London Gold Market Report
09:10 EST, Fri 29 May
Gold Jumps to 13-Week High But Only in Dollars as Finance Markets Surge
THE SPOT PRICE of wholesale gold jumped for the second day running on Friday - but only in Dollars - reaching its best London Gold Fix since Feb. 26th at $972 an ounce.
New data showed the US economy shrinking at an annualized 5.7% pace during the first quarter of 2009, while domestic prices rose 2.8% from a year earlier.
That pegged the Federal Reserve's key interest rate more than 2.5% below zero in real terms.
"A combination of a weaker Dollar and rising inflation expectations would represent the perfect storm for gold," says John Reade, chief commodities analyst at UBS in London.
"[Gold's] break of 966 should move focus to the previous major high 1006," says Scotia Mocatta's daily update.
"Physical selling has declined, providing very little resistance to the move higher," reports Walter de Wet at Standard Bank. "We expected gold scrap selling to intensify above $950."
Analysis from London dealers Mitsui puts global scrap gold supplies near 1,000 tonnes for the first quarter of this year - equal to 40% of annual world Gold Mining supply.
But "So much scrap entered the market in the recent past that there is not going to be as much available in the next gold rally," says one respondent to its latest Refining Monitor.
Friday's new 3-month high in Gold only came for US investors, meantime, as the Dollar fell yet again on the currency markets.
Euro investors saw gold reach a 3-week high at €695 per ounce, while the single currency broke new 2009 highs above $1.41.
UK investors saw the Gold Price in Sterling touch £606 an ounce - the best level in eight trading sessions - as the Pound reached and breached a 6-month high at $1.61.
The "commodity currencies" of Australia and Canada also surged vs. the Dollar, leaving gold little changed from last week's closing price.
Government bond prices gained, pushing yields lower, while world stock markets rose sharply, with London's FTSE100 rising 1.8% for the week.
The German Dax added 1.3% on Friday morning to near the 5,000 level lost in Oct. '08.
Crude oil broke above $65 per barrel, base metals rose on a sharp jump in Japan's industrial output, and emerging-market bonds were on track for their best 3-month performance since 2002 as the New York opening approached.
Data from Merrill Lynch, quoted by Bloomberg, today showed Argentine debt climbing 28% this month alone, while Ukraine debt added 17%.

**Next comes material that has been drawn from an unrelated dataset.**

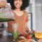 - حالا نوبت به اضافه کردن مواد به مخلوطکن میرسد. چغندر، توتهای یخزده، موز، سیب و کیوی را داخل مخلوطکن بریزید.

Behind the current rally, however, "The magnitude of the [debt] crisis in Central and Eastern Europe is hard to exaggerate," says Institutional Investor magazine.

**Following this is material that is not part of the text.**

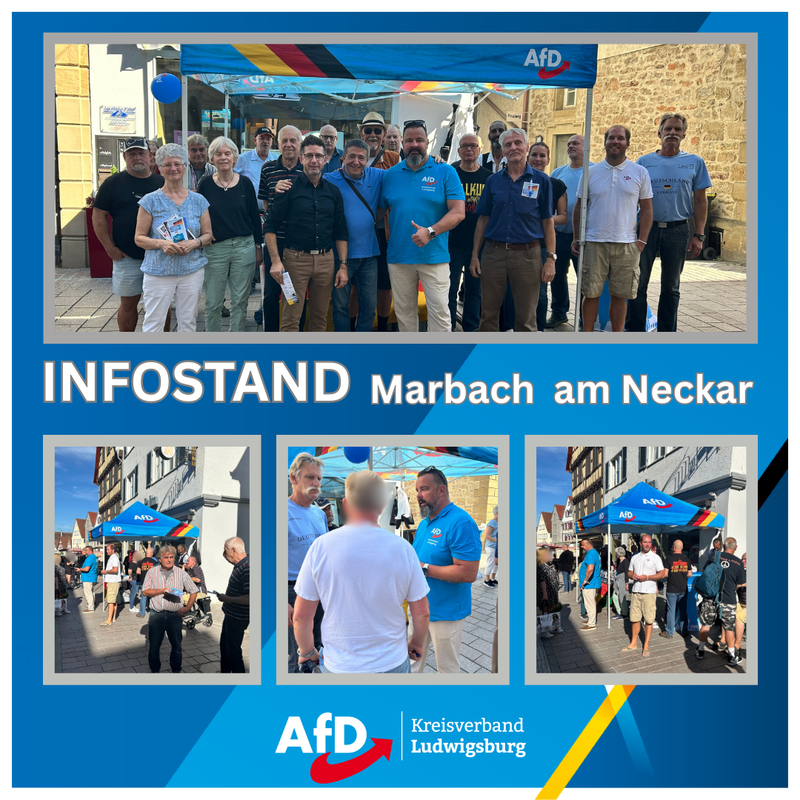 Am vergangenen Samstag waren wir mit unserem Infostand in der schönen Altstadt von Marbach am Neckar unterwegs. Wie schon in den letzten Monaten konnten wir beobachten, dass das Interesse und die Gespräche mit den Bürgerinnen und Bürgern immer mehr zunehmen. Besonders gefreut hat uns, dass auc...

"Banks in the region will need to refinance more than $130 billion in debt this year...Compounding the problem, half or more of all bank debt in key markets like Hungary, Romania and Ukraine is denominated in Euros, Swiss Francs or Dollars, and the real cost of servicing it has soared as local currencies have plunged."
Meantime in Beijing, China, US Treasury secretary Tim Geithner will begin talks this weekend aimed at "laying the foundation for balanced, sustained growth in the future," according to source quoted by Reuters.
"For China, this involves stronger domestic demand growth, shifting the structure of the domestic economy to serve domestic demand...It's important in bringing these shifts about to have a flexible exchange rate that the Chinese have committed to move toward."
The Gold Price in Yuan pushed higher again early Friday, after closing in Shanghai back above CNY200 per gram ahead of Thursday's "Dragon Boat" holiday.
Across in Vietnam - the sixth largest gold buying nation worldwide - the Gold Association this month asked the government to remove last spring's ban on gold imports after domestic prices jumped far above international Spot Gold rates.
"The government should allow gold imports again to stabilise the domestic market," says Nguyen Thanh Truc. "A normal market needs to include both import and export activities."